Cyber Incident Victim: Express Scripts
Date:
Apr 2022
Location:
United States of America
Summary
Express Scripts experienced unauthorized access to certain customer accounts through its mobile application, where attackers utilized valid credentials to compromise accounts over a multi-day period in late April to early May. The breach exposed personal and medical information including names, prescribed medications, prescription numbers, dosage details, physician names, and associated pharmacies. Upon detection, the organization locked affected accounts, reset passwords, and advised customers to update credentials across other platforms sharing the same passwords, attributing the incident likely to credential reuse attacks. The exact number of impacted individuals remains undisclosed.

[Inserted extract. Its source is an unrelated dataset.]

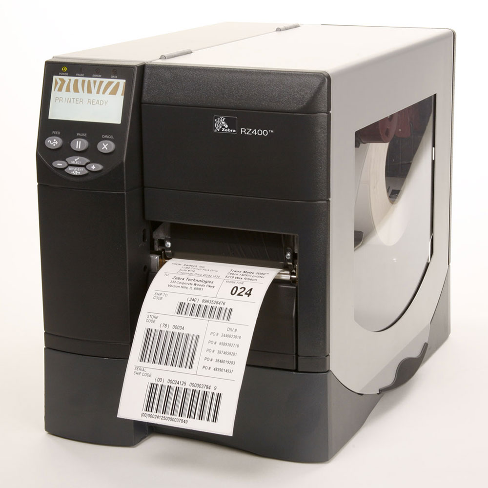 -Imprimante étiquette industrielle Zebra RZ400 avec encodeur RFID (UHF), transfert thermique en 203 dpi et 104 mm de largeur d’impression, ZPL, 64Mo de mémoire flash, avec massicot, Zebranet interne 10/100 et Zebranet b/g radio.

| CIA Posture | Motives | Tactics, Techniques & Procedures |
|---|---|---|
| Available to members | 1 motive | 1 technique |
| Threat Actors | Type | Location |
|---|---|---|
| 0 actors | Available to members | Available to members |
Description
Express Scripts, a pharmacy benefit management organization, experienced a security incident involving unauthorized access to certain customer accounts through its mobile application. The breach occurred between April 30 and May 3, 2022, with suspicious activity detected on May 1, 2022. Attackers gained entry using valid usernames and passwords, compromising accounts that contained protected health information. Exposed data included customer names, medication names, prescription numbers, dosage details, prescribing physicians' names, and associated pharmacy information. The organization identified no evidence suggesting broader system infiltration beyond the compromised user accounts.
Upon detecting the breach, Express Scripts immediately locked affected accounts and reset passwords to prevent further unauthorized access. The company attributed the incident to credential-based attacks, specifically noting the likelihood of password spraying—a technique exploiting reused credentials from unrelated data breaches. Affected individuals received notifications advising password changes across all platforms sharing identical credentials. Express Scripts did not disclose the total number of impacted individuals in its breach notification to the Massachusetts Attorney General. No evidence emerged indicating misuse of the accessed data, though the organization maintained precautionary measures including account security enhancements. The incident underscored risks associated with password reuse across multiple services, particularly in healthcare systems handling sensitive patient information.